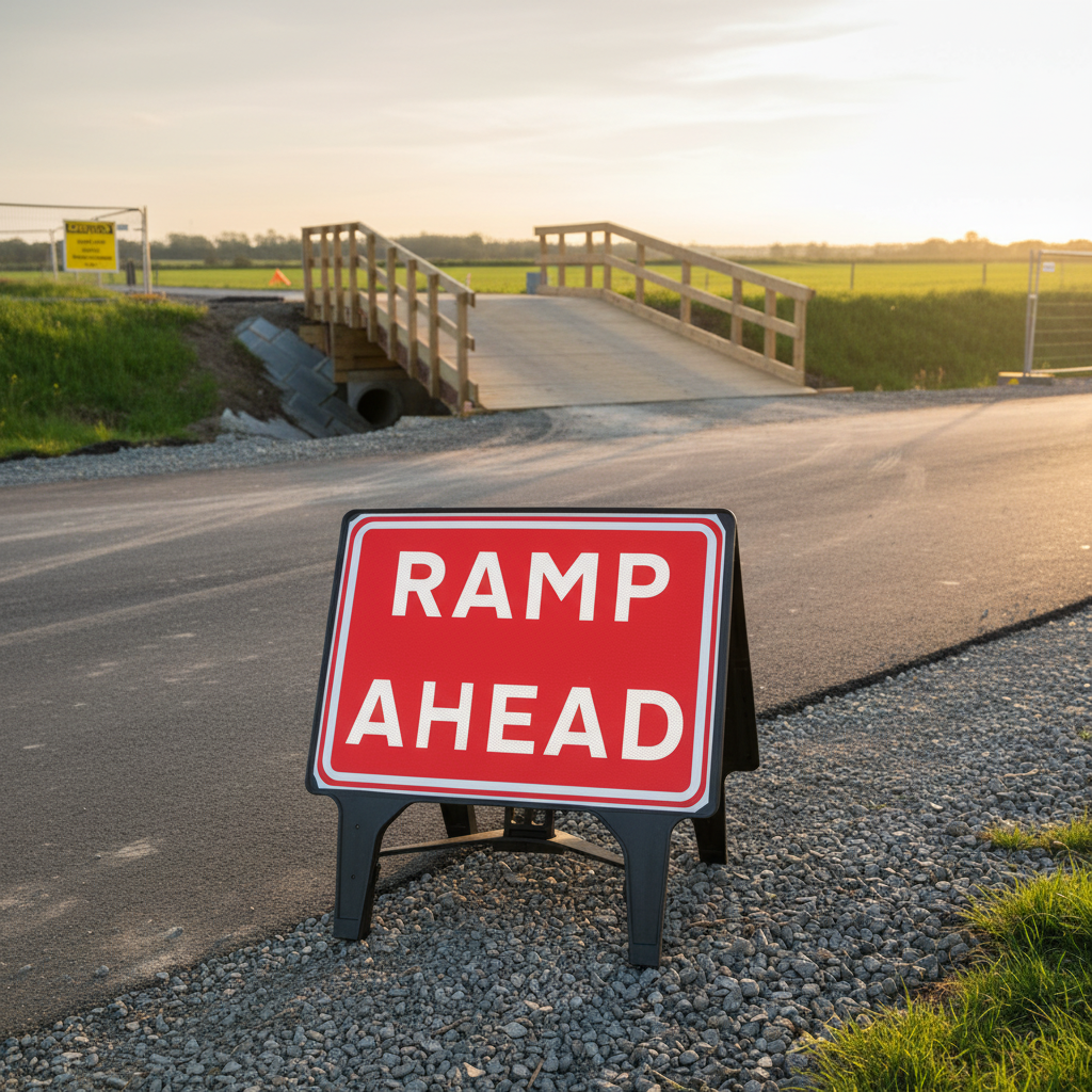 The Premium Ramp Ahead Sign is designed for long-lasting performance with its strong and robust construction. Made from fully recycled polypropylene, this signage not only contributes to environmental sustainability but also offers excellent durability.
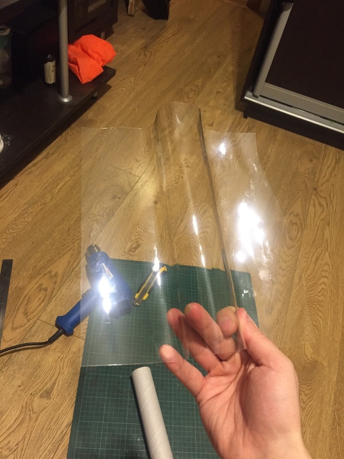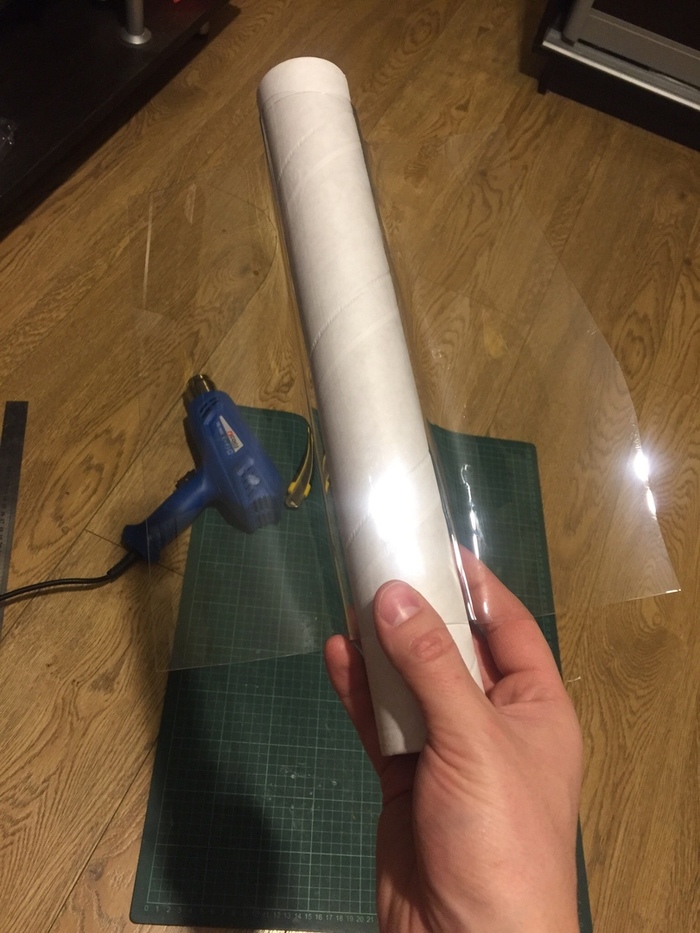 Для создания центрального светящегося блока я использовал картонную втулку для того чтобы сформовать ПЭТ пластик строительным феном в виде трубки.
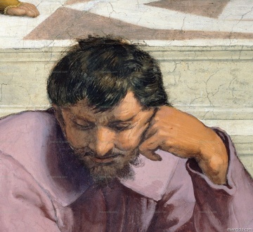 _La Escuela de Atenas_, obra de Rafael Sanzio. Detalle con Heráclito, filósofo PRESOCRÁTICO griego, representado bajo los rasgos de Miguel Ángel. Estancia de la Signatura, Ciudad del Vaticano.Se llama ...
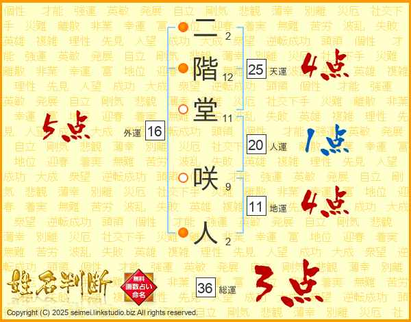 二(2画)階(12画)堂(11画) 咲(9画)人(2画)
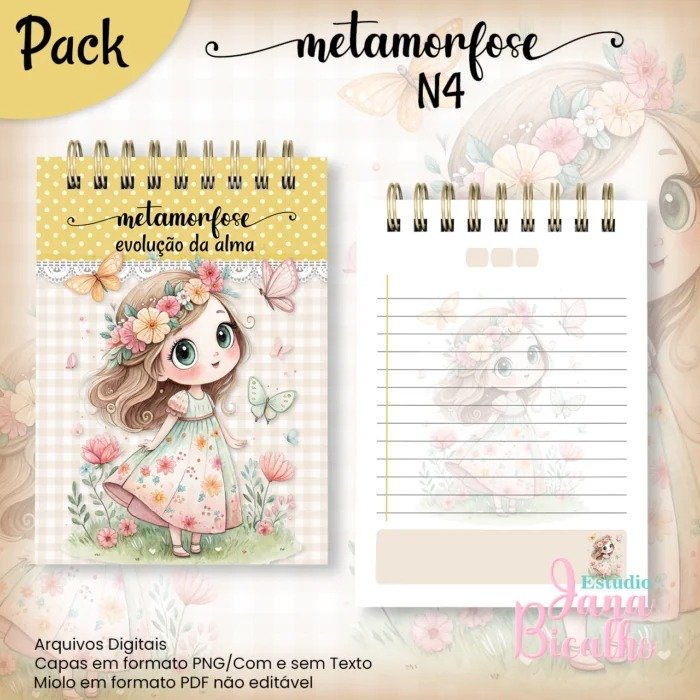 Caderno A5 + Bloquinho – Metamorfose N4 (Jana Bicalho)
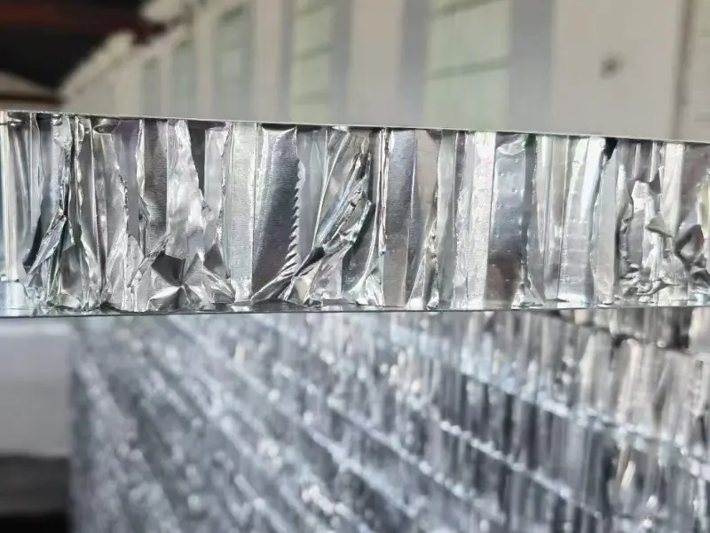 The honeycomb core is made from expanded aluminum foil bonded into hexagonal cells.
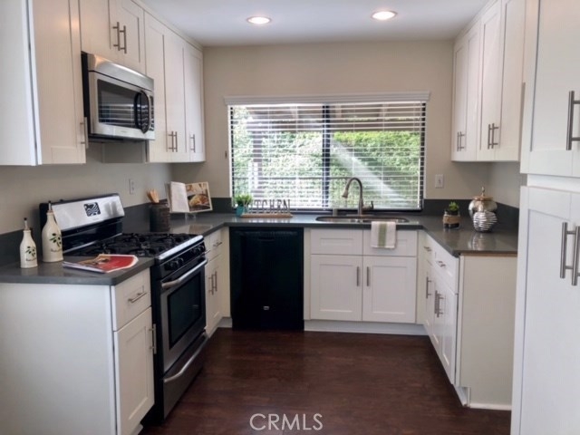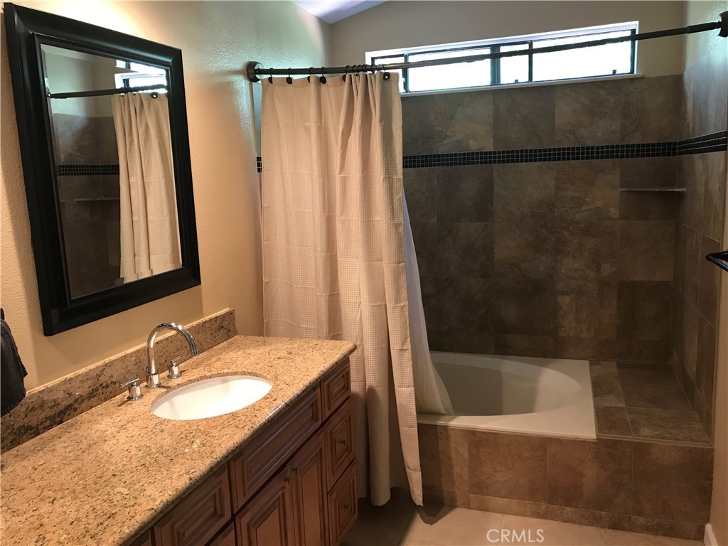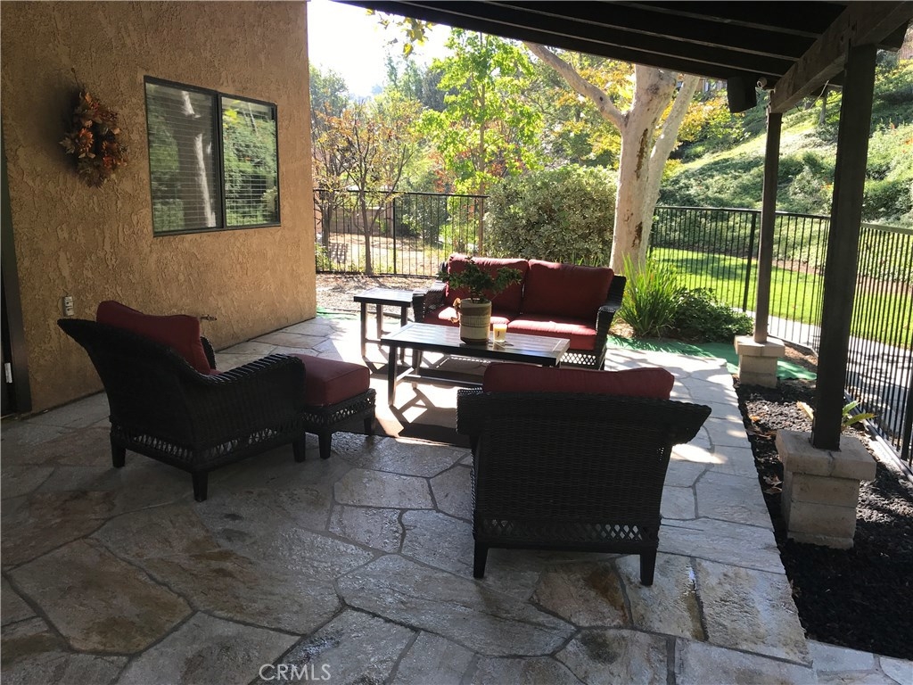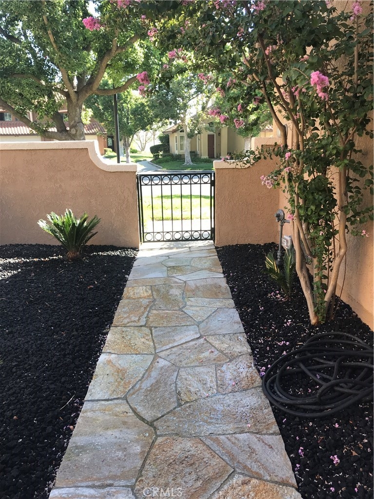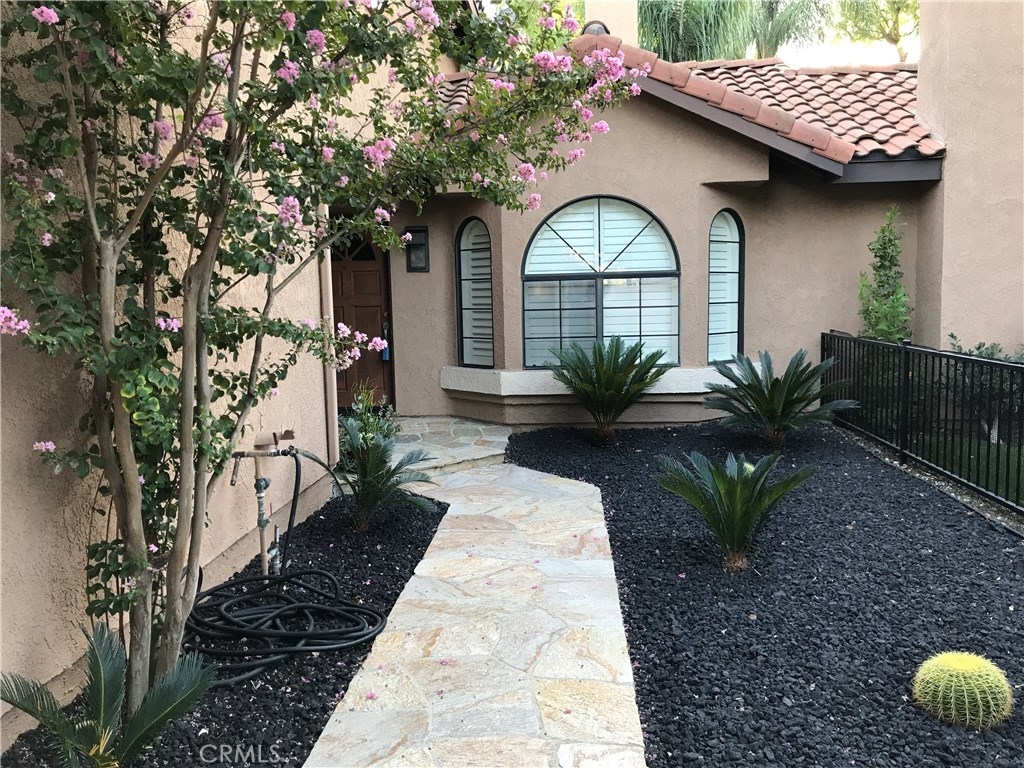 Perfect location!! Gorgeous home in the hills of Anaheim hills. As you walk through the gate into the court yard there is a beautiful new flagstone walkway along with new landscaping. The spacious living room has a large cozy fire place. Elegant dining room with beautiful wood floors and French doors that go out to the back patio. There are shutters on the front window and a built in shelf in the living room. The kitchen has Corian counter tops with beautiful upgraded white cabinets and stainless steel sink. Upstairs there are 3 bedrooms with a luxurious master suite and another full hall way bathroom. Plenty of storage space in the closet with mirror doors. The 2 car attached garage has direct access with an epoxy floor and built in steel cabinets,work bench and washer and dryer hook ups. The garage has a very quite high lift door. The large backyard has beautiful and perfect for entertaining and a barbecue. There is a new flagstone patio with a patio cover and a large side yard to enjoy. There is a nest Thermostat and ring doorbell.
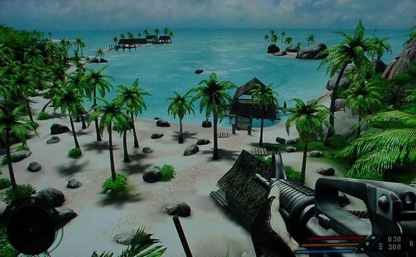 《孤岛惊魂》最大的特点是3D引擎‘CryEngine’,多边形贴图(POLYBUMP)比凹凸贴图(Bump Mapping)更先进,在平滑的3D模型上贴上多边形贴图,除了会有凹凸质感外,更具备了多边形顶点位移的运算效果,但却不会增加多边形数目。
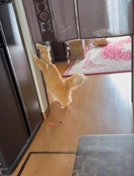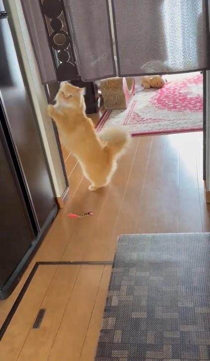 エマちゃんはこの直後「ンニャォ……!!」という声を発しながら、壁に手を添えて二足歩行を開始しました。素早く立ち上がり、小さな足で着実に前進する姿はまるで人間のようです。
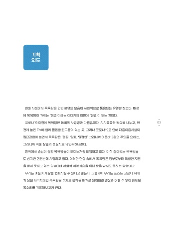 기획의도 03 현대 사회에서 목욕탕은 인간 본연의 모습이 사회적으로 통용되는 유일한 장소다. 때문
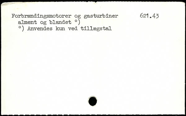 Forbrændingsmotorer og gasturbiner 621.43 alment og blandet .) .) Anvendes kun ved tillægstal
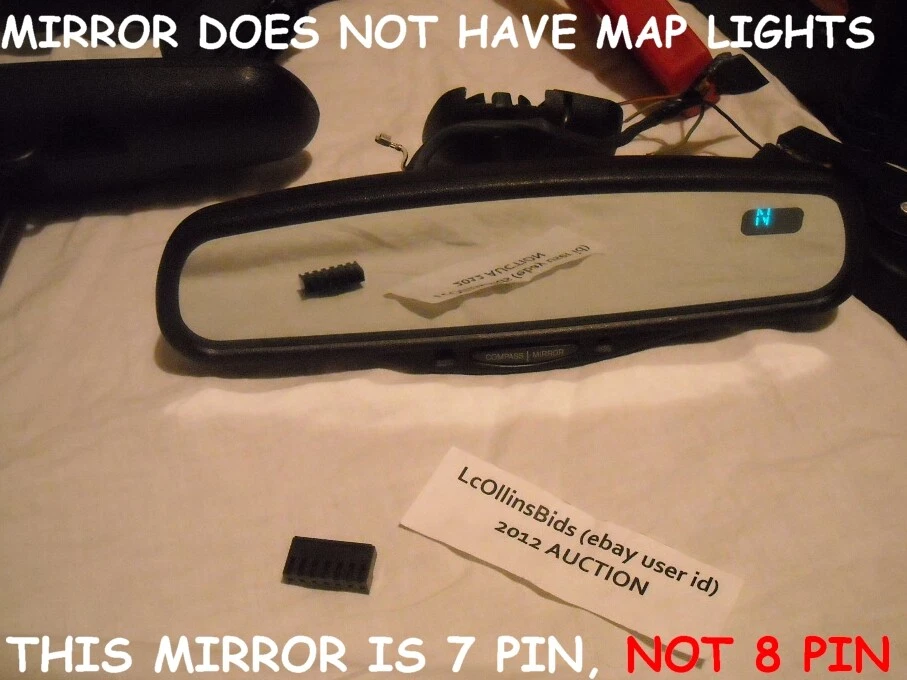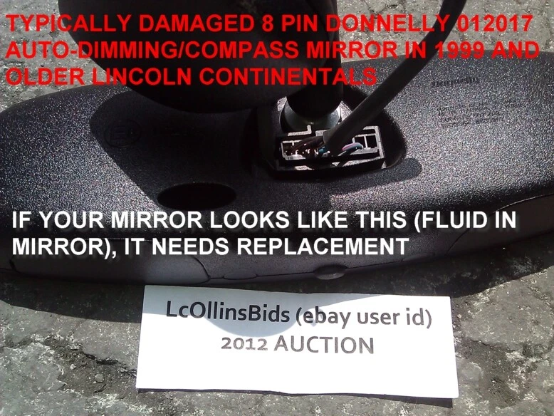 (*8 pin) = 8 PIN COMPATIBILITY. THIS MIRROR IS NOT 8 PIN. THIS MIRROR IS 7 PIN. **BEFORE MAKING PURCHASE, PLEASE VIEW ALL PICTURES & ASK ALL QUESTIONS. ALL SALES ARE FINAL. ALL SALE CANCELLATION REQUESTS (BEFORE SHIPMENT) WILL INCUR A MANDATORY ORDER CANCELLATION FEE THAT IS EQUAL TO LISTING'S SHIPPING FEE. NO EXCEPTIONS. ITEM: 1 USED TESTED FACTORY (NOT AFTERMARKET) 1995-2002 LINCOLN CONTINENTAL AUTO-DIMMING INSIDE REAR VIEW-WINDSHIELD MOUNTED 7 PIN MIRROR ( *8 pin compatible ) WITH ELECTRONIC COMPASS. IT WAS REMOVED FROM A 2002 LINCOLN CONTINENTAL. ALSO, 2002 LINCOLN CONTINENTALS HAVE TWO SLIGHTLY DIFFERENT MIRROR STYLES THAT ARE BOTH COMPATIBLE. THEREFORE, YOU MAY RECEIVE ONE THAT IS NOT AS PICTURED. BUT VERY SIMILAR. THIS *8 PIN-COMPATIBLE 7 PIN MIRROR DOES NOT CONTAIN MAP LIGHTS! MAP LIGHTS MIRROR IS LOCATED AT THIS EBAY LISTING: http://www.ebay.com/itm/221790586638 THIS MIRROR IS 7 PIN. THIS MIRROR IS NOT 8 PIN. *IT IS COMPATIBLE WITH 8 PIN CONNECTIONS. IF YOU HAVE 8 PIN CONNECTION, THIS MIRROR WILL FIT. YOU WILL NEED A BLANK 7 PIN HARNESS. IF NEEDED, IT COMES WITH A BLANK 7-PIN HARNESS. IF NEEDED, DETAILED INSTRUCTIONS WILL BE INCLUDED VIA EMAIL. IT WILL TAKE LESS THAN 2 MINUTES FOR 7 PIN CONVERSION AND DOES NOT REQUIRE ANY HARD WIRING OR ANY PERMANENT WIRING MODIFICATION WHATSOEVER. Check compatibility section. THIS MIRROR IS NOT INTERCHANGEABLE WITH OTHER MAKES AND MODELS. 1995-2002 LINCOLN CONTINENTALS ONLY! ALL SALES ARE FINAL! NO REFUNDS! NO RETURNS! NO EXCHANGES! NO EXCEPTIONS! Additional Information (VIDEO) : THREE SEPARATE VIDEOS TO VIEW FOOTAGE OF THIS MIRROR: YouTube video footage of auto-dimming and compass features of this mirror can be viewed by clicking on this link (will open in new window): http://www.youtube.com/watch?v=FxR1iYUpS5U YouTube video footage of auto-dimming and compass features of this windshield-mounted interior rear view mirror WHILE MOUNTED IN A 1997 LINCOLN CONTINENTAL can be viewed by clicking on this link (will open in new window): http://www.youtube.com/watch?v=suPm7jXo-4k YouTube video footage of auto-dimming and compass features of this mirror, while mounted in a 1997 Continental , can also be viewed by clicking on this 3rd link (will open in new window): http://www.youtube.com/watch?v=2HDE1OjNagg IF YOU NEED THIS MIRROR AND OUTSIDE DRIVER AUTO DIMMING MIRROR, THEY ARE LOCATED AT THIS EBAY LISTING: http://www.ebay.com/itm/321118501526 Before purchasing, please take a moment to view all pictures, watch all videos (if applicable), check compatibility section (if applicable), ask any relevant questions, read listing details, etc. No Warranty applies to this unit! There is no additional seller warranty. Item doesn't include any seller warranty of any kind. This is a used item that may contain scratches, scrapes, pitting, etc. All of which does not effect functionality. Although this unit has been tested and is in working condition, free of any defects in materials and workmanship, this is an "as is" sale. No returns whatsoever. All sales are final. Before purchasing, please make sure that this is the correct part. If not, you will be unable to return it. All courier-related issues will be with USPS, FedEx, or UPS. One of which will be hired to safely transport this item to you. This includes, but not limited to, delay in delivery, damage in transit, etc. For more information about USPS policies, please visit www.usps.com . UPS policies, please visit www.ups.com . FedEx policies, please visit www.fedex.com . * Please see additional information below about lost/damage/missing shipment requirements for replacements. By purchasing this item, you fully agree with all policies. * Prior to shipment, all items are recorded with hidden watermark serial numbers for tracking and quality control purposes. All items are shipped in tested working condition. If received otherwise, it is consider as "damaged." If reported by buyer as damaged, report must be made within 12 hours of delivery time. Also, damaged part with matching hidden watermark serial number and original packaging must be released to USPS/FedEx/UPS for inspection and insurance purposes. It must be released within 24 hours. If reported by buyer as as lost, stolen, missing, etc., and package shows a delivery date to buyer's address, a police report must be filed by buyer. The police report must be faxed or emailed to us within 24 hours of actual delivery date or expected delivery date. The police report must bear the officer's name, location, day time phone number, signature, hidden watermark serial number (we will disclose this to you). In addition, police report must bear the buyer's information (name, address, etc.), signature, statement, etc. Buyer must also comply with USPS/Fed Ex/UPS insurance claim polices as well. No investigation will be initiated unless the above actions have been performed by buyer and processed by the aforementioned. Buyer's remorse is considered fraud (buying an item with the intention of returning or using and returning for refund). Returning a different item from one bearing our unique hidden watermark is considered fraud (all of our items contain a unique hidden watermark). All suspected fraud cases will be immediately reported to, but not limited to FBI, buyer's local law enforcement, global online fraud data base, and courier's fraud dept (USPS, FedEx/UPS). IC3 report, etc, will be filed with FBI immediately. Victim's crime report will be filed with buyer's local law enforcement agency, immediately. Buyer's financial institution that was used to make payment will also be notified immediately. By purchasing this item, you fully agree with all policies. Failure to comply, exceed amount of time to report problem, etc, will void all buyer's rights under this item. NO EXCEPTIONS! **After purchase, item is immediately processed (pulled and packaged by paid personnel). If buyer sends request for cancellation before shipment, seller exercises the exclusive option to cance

+---+

_EXERCISE REQUIREMENTS_. Take the material above from its first line through the line that has "The honeycomb core" and copy it exactly, without any pictures.

_SOLVED PROBLEM_.
 The Premium Ramp Ahead Sign is designed for long-lasting performance with its strong and robust construction. Made from fully recycled polypropylene, this signage not only contributes to environmental sustainability but also offers excellent durability.
 Для создания центрального светящегося блока я использовал картонную втулку для того чтобы сформовать ПЭТ пластик строительным феном в виде трубки.
 _La Escuela de Atenas_, obra de Rafael Sanzio. Detalle con Heráclito, filósofo PRESOCRÁTICO griego, representado bajo los rasgos de Miguel Ángel. Estancia de la Signatura, Ciudad del Vaticano.Se llama ...
 二(2画)階(12画)堂(11画) 咲(9画)人(2画)
 Caderno A5 + Bloquinho – Metamorfose N4 (Jana Bicalho)
 The honeycomb core is made from expanded aluminum foil bonded into hexagonal cells.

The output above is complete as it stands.